Euroland’s composite purchasing managers index advanced 1.1 points to a 31-month high of 53.2 in January.  If that kind of acceleration holds up in February-March, real GDP growth of 0.4-0.5% is to be expected led by a 0.6-0.7% gain in Germany whose composite PMI climbed 1.9 points to a 31-month high of 55.9 in January.  The Ezone manufacturing and service-sector PMIs, according to these preliminary findings, were at 32-month and 4-month highs of 53.9 and 51.9.  Germany’s manufacturing and service PMIs printed up two points at 56.3, a 32-month peak, and 53.6, a 2-month high.

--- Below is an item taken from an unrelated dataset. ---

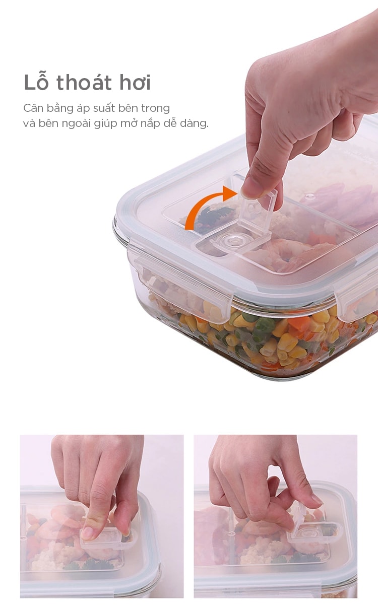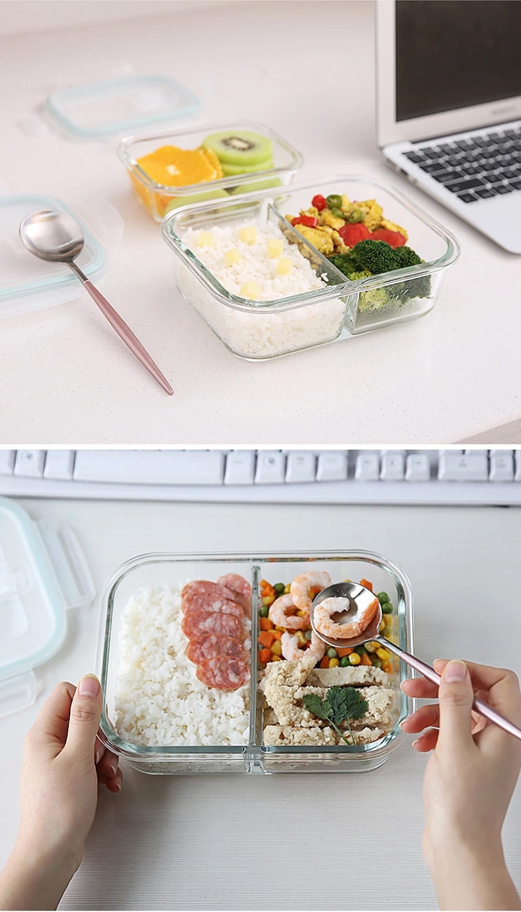 Hộp thủy tinh loại tốt, chịu nhiệt (hâm được trong lò vi sóng), nắp có khóa gài là loại hộp được ưa chuộng nhất trên thị trường vì cảm giác an toàn mà nó mang lại cho người sử dụng. Đối với dân văn phòng, nhất là phái nữ, đem theo một chiếc hộp thủy tinh đựng cơm trưa, hoặc chỉ đơn giản là ít miếng trái cây ăn trong giờ giải lao để bổ sung vitamin cũng là nhu cầu bồi bổ thiết yếu cho bản thân.

France remains Euroland’s sick economy with sub-50 January PMI readings of 48.5 on the composite index, 48.8 in manufacturing, and 48.6 in services.  Profit margins in France were squeezed further in January.  Nonetheless, the PMI scores constituted 3-month highs.

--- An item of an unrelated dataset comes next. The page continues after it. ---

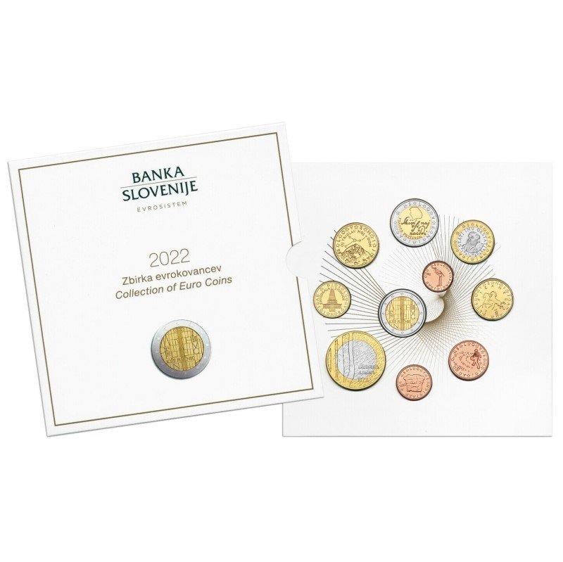 Slovėnija 2022 euro monetų rinkinys su proginėmis 2 euro ir 3 euro monetomis bankinėje pakuotėje (BU)

The HSBC-compiled preliminary Chinese purchasing managers index fell by 0.9 points to to a six-month low and sub-50 score of 49.6.  Forecasters were predicting a reading of 50.3.  Orders, like the overall score, swung from above to below 50, but production stayed in the black with a 51.3 reading.  China’s indices of leading and coincident economic indicators climbed 0.4% and 0.7% in December, the Conference Board reported.

Manufacturing sentiment in France according to INSEE remained at 100 in December.

Germany’s index of leading economic indicators went up 0.6% in November and was accompanied by a 0.3% rise in the index of coincident economic indicators.  Both gains were stronger than those in October.  But German construction orders sank 8.3% between November 2012 and November 2013.

The Confederation of British Industries reported a surprise 20-point drop in the distributive trades index to a +14 reading in January.

South Korean real GDP last quarter advanced by 0.9% from 3Q and by 3.9% on year after a 3.3% gain between 3Q12 and 3Q13.

Expected Australian inflation edged up 0.2 percentage points to 2.3% this month.  New Zealand’s business PMI slid 0.3 points to a still buoyant 56.4 in January.  New Zealand consumer confidence posted a strong gain this month.

Japanese stock and bond transactions generated a 192 billion net capital inflow last week versus a JPY 367 billion outflow in the prior week.

CPI inflation in Singapore decelerated to 1.5% in December from 2.6% in November.  There was a month-on-month price drop of 0.3%.

Unemployment in Spain hovered at an elevated 26% last quarter.  Sweden had a jobless rate of 8.0% in December, 0.5 percentage points less than in the Netherlands.  Danish consumer confidence improved 3.4 points to a reading of 6.3 this month.

The United States, which had been quiet data-wise on the first three days of this week, today releases existing home sales, the FHFA house price index, the index of leading economic indicators, the K.C. Fed manufacturing index, Markit Economics’ manufacturing PMI, the Chicago Fed National Activity Index, and weekly jobless insurance claims.  The preliminary estimate of Ezone consumer confidence and Canada’s retail sales figures also get released today.